Isolation and Sequencing of Neuronal Small RNAs and Neuronal mRNAs from N2 Wild-type Worms, Related to Figure 2

(A) Normalized mRNA levels reported by Kaletsky et al. (2016) (y axis), versus the mRNA levels (log2 of RPM) measured in four samples of N2 worms collected in independent experiments (x axis). Each dot represents a gene. As many points may overlap each other, and to better visualize the distribution of the data, we added a color code reflecting the number of genes in each bin.
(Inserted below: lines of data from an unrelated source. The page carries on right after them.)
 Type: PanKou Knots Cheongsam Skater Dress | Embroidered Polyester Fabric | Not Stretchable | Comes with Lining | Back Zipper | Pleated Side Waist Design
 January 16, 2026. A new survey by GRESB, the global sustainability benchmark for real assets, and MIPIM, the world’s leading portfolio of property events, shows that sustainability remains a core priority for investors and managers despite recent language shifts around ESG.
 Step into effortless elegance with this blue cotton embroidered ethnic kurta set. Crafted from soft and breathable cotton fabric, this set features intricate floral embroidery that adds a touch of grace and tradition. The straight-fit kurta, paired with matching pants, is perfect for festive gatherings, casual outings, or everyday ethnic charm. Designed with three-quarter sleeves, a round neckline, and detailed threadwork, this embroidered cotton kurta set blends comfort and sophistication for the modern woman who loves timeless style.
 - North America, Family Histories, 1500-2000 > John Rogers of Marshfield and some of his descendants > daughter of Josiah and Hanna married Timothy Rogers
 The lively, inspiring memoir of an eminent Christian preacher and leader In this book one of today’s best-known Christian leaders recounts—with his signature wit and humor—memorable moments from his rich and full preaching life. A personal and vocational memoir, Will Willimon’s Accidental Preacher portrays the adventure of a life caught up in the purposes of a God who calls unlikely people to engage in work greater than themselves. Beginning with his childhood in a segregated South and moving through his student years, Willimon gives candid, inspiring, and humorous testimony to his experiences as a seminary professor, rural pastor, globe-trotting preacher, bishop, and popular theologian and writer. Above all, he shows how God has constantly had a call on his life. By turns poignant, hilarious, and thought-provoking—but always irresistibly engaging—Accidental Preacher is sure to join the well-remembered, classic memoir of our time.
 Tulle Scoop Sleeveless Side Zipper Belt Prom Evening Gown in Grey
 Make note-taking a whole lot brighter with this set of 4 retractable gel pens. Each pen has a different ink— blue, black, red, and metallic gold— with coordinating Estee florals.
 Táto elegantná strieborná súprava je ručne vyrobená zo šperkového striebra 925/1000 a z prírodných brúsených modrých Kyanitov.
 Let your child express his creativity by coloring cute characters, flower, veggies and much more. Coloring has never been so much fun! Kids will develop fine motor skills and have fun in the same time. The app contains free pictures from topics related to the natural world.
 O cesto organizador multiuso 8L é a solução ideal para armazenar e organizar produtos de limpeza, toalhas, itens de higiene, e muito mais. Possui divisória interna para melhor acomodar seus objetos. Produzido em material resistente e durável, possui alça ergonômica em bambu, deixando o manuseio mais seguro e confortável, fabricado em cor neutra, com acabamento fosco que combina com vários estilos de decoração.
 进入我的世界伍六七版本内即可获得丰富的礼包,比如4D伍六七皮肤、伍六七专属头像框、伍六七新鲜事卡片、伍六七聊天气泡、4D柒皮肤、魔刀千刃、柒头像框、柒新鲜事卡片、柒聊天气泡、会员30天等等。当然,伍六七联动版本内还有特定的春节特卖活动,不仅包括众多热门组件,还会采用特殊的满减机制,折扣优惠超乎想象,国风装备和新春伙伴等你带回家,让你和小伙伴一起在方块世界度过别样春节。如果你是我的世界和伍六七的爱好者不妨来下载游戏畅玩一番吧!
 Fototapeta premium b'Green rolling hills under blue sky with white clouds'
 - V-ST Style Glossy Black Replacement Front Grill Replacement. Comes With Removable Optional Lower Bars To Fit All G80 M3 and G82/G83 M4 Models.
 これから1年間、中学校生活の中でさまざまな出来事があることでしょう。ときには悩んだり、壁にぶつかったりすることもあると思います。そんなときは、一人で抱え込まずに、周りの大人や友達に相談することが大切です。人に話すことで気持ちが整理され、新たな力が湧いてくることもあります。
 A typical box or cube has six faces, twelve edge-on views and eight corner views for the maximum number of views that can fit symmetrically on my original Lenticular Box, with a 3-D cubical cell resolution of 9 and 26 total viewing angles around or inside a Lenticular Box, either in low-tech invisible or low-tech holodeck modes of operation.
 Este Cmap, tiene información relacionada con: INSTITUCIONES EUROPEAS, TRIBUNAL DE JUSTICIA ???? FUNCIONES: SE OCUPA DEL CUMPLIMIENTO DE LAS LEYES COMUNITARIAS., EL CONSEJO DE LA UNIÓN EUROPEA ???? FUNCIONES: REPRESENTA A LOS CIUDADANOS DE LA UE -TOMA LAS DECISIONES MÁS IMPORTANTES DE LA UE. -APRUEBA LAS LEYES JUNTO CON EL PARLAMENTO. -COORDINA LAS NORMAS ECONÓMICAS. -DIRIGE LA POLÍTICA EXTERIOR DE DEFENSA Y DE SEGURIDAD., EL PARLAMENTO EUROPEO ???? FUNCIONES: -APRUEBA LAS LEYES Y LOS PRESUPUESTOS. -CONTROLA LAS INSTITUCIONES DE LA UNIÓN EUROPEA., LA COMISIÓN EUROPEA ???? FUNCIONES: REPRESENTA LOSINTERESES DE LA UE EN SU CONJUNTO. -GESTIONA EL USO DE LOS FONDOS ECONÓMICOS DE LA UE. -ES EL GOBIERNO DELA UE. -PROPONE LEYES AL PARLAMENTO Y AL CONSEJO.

(B) Shown is a histogram indicating the proportion of STGs (y axis) with different expression levels, displayed by log2 of RPM average (x axis). The vertical red line corresponds to value of 5 RPM (linear scale). We used a cut-off of > 5RPM to create a list of robustly expressed STGs in N2 neurons (See Table S3). Please note the scale in the y axis is changing, with steps of 0.01 in the range of 0 to 0.1, and steps of 0.1 for proportions higher than 0.1.

(C) Enriched GO terms for the sub-set of 412 genes targeted by NeuroSTGs with RPM > 5, which are upregulated in isolated neurons in comparison to STGs extracted from the entire animal. As can be seen, 6 of the 7 most enriched GO terms depict a variety of neuronal processes. Analysis done using the GOrilla tool (Eden et al., 2009); all the enriched GO terms with FDR < 0.05 are displayed.